Oratorical Greatness: The Gettysburg Address
Today marks the 150th anniversary of President Abraham Lincoln’s famous Gettysburg Address. Widely regarded as one of the finest speeches in our nation’s history, it was delivered by Lincoln at the ceremony dedicating the Gettysburg National Cemetery, one of about 180 military cemeteries now run by the United States government in 41 states, the District of Columbia, and Puerto Rico.
With the exception of Arlington National Cemetery, Gettysburg is arguably the country’s best known military cemetery. Like Arlington, the Gettysburg cemetery was established during the American Civil War to bury the enormous number of Union dead. Unlike Arlington, Gettysburg is located in the small southern Pennsylvania town where those there interred died in the bloodiest battle of the 4-year war. Between both sides, nearly 8,000 were killed and more than 27,000 wounded over just three days of fighting.

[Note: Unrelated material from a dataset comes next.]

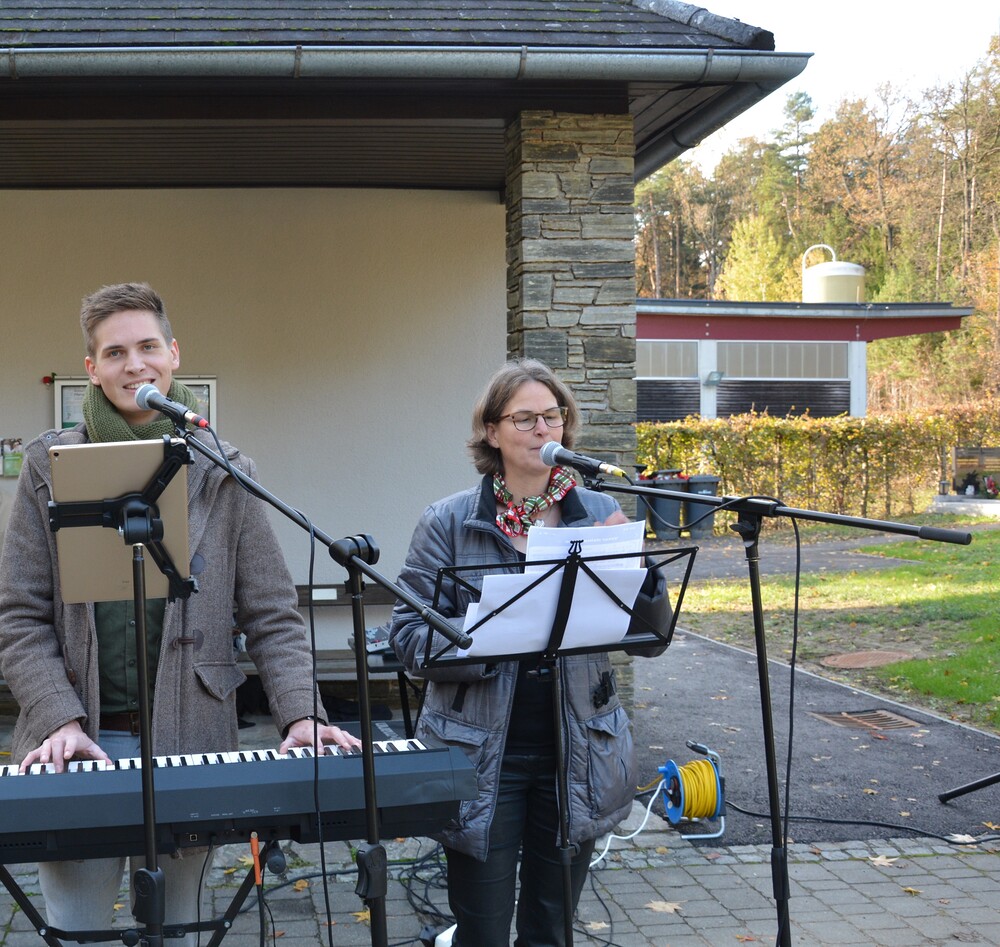 Pastoralreferentin Ines Kvar und Lena Krenn bei der Gräbersegnung am Waldfriedhof

The Battle of Gettysburg was waged from July 1-3, 1863. Notwithstanding the casualties, it was a Union victory and the turning point in the war. The national cemetery was dedicated 4½ months later, on November 19, 1863. The President’s speech was not the centerpiece of the dedication program. That distinction went to Edward Everett, a former Massachusetts congressman, senator, and governor who had also served as U.S. Ambassador to the United Kingdom and, briefly, Secretary of State. Everett’s speech weighed in at more than 13,500 words and took two hours to recite. Lincoln’s remarks were a mere 270 words and were read in just a few minutes.
Contrary to the President’s prediction, the world does remember what he said at that ceremony. His words are remarkable in their simplicity and perfect in their recognition that the dedication of the graveyard was a mere formality.
Fourscore and seven years ago our fathers brought forth on this continent, a new nation, conceived in Liberty, and dedicated to the proposition that all men are created equal.
Now we are engaged in a great civil war, testing whether that nation, or any nation so conceived and so dedicated, can long endure. We are met on a great battle-field of that war. We have come to dedicate a portion of that field, as a final resting place for those who here gave their lives that that nation might live. It is altogether fitting and proper that we should do this.
But, in a larger sense, we can not dedicate — we can not consecrate — we can not hallow — this ground. The brave men, living and dead, who struggled here, have consecrated it, far above our poor power to add or detract. The world will little note, nor long remember what we say here, but it can never forget what they did here. It is for us the living, rather, to be dedicated here to the unfinished work which they who fought here have thus far so nobly advanced. It is rather for us to be here dedicated to the great task remaining before us — that from these honored dead we take increased devotion to that cause for which they gave the last full measure of devotion — that we here highly resolve that these dead shall not have died in vain — that this nation, under God, shall have a new birth of freedom — and that government of the people, by the people, for the people, shall not perish from the earth.